GIVEN INFORMATION below:
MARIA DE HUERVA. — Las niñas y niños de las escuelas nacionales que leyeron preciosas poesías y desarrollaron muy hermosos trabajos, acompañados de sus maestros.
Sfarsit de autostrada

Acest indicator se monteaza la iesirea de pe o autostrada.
End of GIVEN INFORMATION.
GIVEN INFORMATION below:
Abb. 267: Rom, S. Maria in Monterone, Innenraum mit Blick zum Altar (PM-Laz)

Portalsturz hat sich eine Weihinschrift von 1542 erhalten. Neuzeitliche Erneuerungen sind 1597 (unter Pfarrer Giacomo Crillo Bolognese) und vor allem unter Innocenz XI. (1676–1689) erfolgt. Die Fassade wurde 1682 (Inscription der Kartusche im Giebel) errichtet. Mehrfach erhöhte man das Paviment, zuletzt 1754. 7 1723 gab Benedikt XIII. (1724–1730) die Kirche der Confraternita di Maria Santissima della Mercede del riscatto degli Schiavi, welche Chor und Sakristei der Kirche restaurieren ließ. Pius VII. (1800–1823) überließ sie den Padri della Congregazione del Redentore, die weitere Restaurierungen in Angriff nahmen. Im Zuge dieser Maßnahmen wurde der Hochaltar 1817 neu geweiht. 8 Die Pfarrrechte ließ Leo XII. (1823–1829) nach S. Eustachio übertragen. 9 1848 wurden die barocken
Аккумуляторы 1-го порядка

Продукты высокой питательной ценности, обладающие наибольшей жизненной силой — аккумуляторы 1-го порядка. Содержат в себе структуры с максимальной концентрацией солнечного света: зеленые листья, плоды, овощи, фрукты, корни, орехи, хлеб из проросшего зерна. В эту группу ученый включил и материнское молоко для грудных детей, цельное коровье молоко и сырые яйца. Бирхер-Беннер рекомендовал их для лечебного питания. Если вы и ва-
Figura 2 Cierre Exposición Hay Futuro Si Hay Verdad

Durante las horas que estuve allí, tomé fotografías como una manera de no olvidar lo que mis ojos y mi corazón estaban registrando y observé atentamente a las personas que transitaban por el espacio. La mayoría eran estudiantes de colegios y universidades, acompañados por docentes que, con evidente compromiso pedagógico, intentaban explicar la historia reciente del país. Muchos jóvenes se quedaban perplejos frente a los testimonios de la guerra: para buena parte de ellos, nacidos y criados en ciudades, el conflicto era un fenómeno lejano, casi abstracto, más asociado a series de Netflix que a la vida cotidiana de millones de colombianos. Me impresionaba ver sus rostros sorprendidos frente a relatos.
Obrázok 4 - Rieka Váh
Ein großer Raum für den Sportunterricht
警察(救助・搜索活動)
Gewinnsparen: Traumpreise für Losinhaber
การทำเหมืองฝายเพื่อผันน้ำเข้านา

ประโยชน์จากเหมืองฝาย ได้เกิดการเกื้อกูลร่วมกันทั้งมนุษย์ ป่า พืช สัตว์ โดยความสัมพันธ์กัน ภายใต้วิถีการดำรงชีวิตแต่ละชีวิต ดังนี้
End of GIVEN INFORMATION.
GIVEN INFORMATION below:
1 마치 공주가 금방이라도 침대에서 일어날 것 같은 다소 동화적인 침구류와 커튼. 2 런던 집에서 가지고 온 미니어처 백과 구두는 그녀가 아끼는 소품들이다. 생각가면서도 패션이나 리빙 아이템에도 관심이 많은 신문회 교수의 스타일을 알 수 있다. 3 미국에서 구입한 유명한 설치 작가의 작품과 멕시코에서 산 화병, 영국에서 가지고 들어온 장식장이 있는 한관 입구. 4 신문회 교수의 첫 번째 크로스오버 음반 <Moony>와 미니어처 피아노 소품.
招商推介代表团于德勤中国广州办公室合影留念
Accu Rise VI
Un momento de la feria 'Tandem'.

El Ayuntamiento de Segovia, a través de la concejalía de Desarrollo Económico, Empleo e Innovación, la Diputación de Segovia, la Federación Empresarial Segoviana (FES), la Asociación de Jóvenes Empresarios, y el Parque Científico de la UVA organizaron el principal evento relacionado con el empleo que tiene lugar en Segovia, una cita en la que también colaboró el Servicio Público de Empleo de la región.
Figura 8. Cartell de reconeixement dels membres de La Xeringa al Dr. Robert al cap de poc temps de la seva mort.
End of GIVEN INFORMATION.
* ASSIGNMENT *
Only lines holding the word "acompañados" belong in the answer; copy all of them from the records.

* ANSWER BELOW *
MARIA DE HUERVA. — Las niñas y niños de las escuelas nacionales que leyeron preciosas poesías y desarrollaron muy hermosos trabajos, acompañados de sus maestros.
Durante las horas que estuve allí, tomé fotografías como una manera de no olvidar lo que mis ojos y mi corazón estaban registrando y observé atentamente a las personas que transitaban por el espacio. La mayoría eran estudiantes de colegios y universidades, acompañados por docentes que, con evidente compromiso pedagógico, intentaban explicar la historia reciente del país. Muchos jóvenes se quedaban perplejos frente a los testimonios de la guerra: para buena parte de ellos, nacidos y criados en ciudades, el conflicto era un fenómeno lejano, casi abstracto, más asociado a series de Netflix que a la vida cotidiana de millones de colombianos. Me impresionaba ver sus rostros sorprendidos frente a relatos.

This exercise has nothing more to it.